Quantum chomodynamics and effective theories
Computing the properties of a single proton in quantum chromodynamics is quite an undertaking as it is, as we have to deal with the QCD Lagrangian (ignoring other interactions and assuming masses without the Higgs field)
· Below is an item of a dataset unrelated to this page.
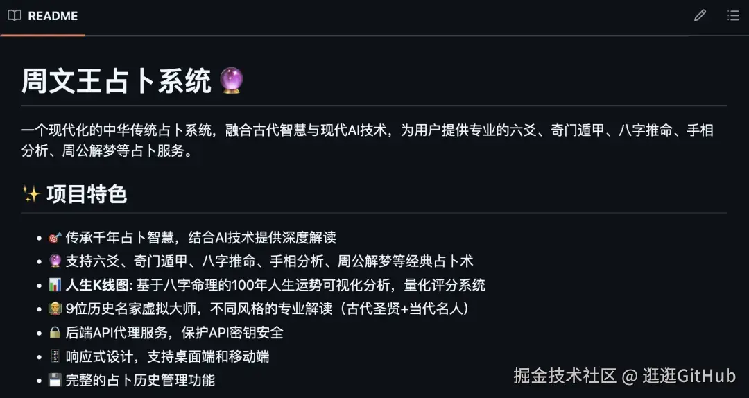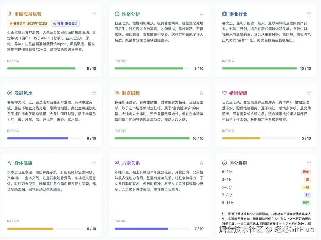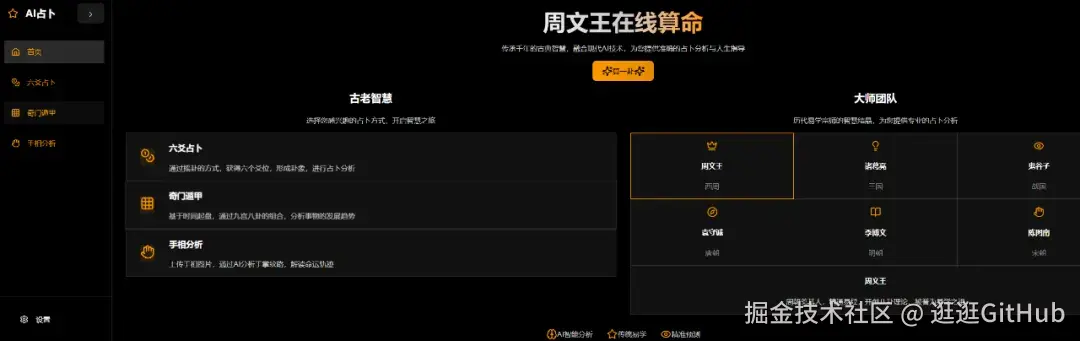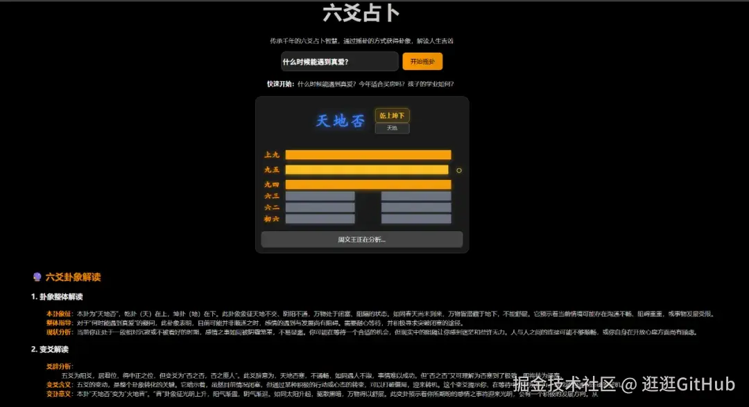 它是一个高度集成的现代化中华传统占卜平台,它将深奥的古代命理智慧与 Gemini 等大模型相结合。

\begin{equation} \mathcal{L} = \sum_{f} \bar{\psi}_{fa} i \gamma^\mu [\delta_{ab} \partial_\mu + i g (G_{\mu}^\alpha t_{\alpha})_{ab}] \psi_{qa} \end{equation}Due to being a non-Abelian eight-dimensional gauge group, this isn't the easiest theory to work out, especially when we're involving systems of many quarks. The idea of effective theories for QCD is to take the most general theory with the same symmetries as this Lagrangian, and work it out from there.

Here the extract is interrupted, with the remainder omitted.